The loss of finance partner Andrés Lorrio – who left Araoz & Rueda in January to join former Linklaters colleagues now at Bird & Bird – was a surprise. Although, in a high profile move, they have persuaded former Bank of Urquijo and JPMorgan Chase legal head Ignacio Trillo Garrigues to join them as a partner to lead the banking and finance practice.

Sticking to strategy

 The future of the firm now depends on adapting to a changing market environment. As Aldavero says: “The M&A market is changing and we have had to respond to that.”

While some of its competitors have looked to expand internationally as security against a fall in M&A activity, Araoz & Rueda has stuck to a strategy of specializing in domestic corporate activity.

Former corporate boutique, Pérez-Llorca, has gradually moved towards being full-service, with further plans to add a restructuring capability and white-collar crime practice in the future.

But Araoz & Rueda is clear that being comfortable in their niche does not mean standing still – they need to extend their capacity into new, and related, areas of law.

Top 5 Deals for 2006

 Of Araoz & Rueda’s 29 recorded 2006 deals, a few stand out for their size, complexity and public profile.

Telefónica instructed the firm on the €3.3bn sale of its directories business, Telefónica Publicidad e Información to Yell Group.

The firm acted for the Italian confectionery group Perfetti Van Melle on the €400m purchase of a 100 % stake in Chupa Chups from the Bernard family.

They advised 3i on the €180m acquisition of the eolic services division of Gamesa.

 Araoz & Rueda also worked on Portuguese hospital group José de Mello Saúde’s €274m acquisition of 35% of Quiron’s Hospital Group.

Tax remains a key element of their strategy. While many question the profitability of providing day to day tax advice, Baeza is confident that it will bring wider benefits to the firm: “If we increase the amount of advisory work that gets us in front of clients and helps us win other transactional work.”
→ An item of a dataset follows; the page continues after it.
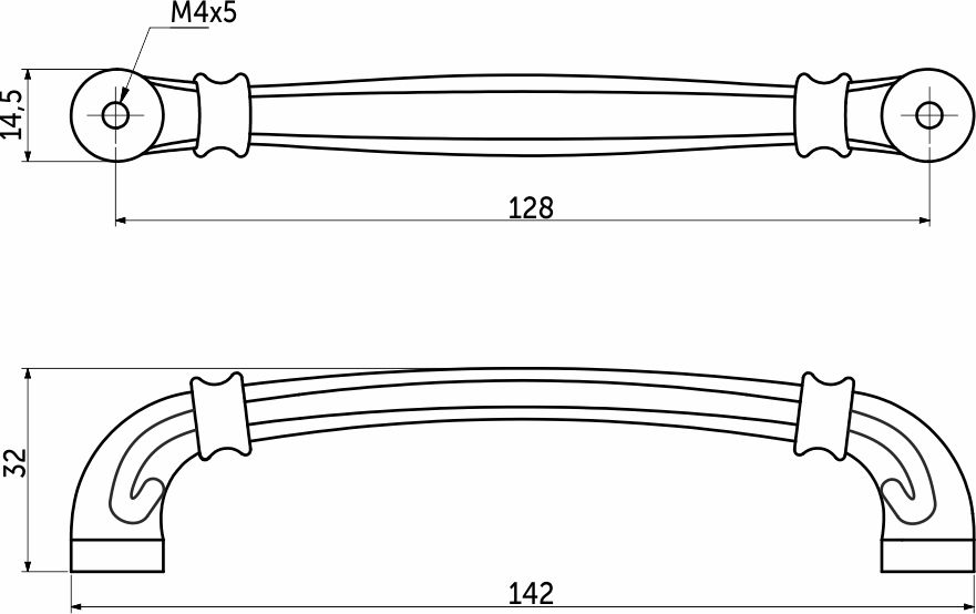 Ручка меб. скоба мет. EVA 128 античное серебро, AKS

Most recently, as client needs have become increasingly industry specific, they have developed a finance practice and increased their litigation/arbitration, public law and energy sector know-how and anticipate growth in these areas. Going forward, they believe that the real estate sector offers great potential as well.

They may yet develop their insolvency capability, which, suggests Hendel “is complementary to our other practices and, as with litigation /arbitration, is countercyclical which is a benefit too.”
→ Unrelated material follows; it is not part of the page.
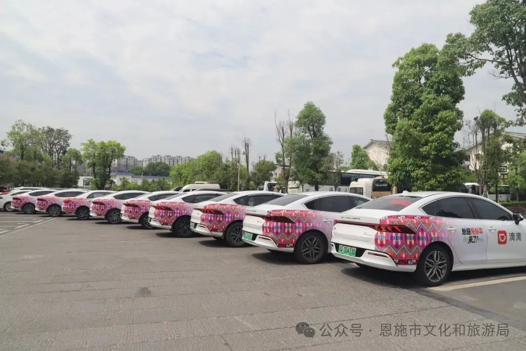本次活動是恩施市文化和旅游局與滴滴出行在文化傳播與旅游出行服務(wù)領(lǐng)域的一次創(chuàng)新嘗試。此次精心挑選了10輛滴滴車輛,以極具傳統(tǒng)民族特色的西蘭卡普為元素,為“恩施民俗彩蛋車”精心設(shè)計了“車身外衣”,以恩施各景點、標(biāo)志性建筑為原型制作的展示掛件裝飾其中。無論是色彩斑斕的車身外衣,還是富有地域代表性的景區(qū)剪影,都讓車輛在行駛過程中成為城市中一道亮麗的風(fēng)景線,吸引著眾多市民和游客的目光,并為游客增添旅途中的人文關(guān)懷和貼心服務(wù)。

 For now, the firm is content to retain its position as the markets elite specialists, rather than develop many more practice areas and any other offices. Their competitors admit that the business conditions for the corporate boutique in Spain have rarely been better.

Araoz says: “We want to be the top corporate boutique, extremely hard working and extremely focused.” They believe the lessons for other law firms competing in this area are to emphasize personal relationships and keep costs down.
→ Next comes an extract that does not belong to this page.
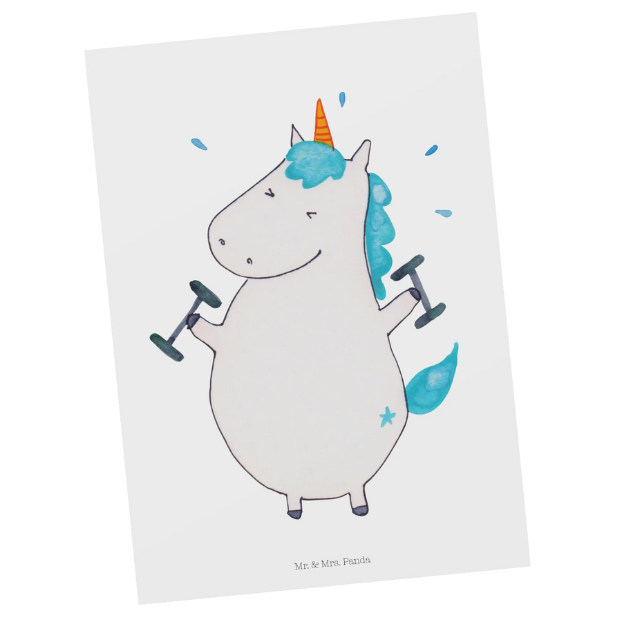 Die perfekte Postkarte für alle Fitness-Fans und Einhorn-Liebhaber! Diese einzigartige Postkarte von Mr. & Mrs. Panda zeigt ein süßes Einhorn, das mit zwei Hanteln trainiert und dabei spritzt. Ob du gerade ins Fitnessstudio gehst oder dich einfach nur aufraffen willst, unser Fitness-Einhorn ist die ideale Motivation!

The firm may have a different strategy from their competitors in 2007, and there is no sign of that changing as the market remains busy for the moment.

Pedro Rueda

Their private equity practice remains a key strength. “Every day the current private equity houses in Spain are more active and still more are coming to open,” says Aldavero. “There is a huge amount of money in the market.”

 “All ships rise on a rising tide” warns Hendel, sounding a possible note of caution. He questions whether the incredible growth at the top end of the Spanish legal market throughout the firm’s history is sustainable.

“The prospects for 2007 look extremely bright, but one day the curve will invert and then and only then will it really be possible to distinguish those firms with sound strategy and solid management from those without,” he says.

“That will be our test,” he says, “I am confident that we will pass”.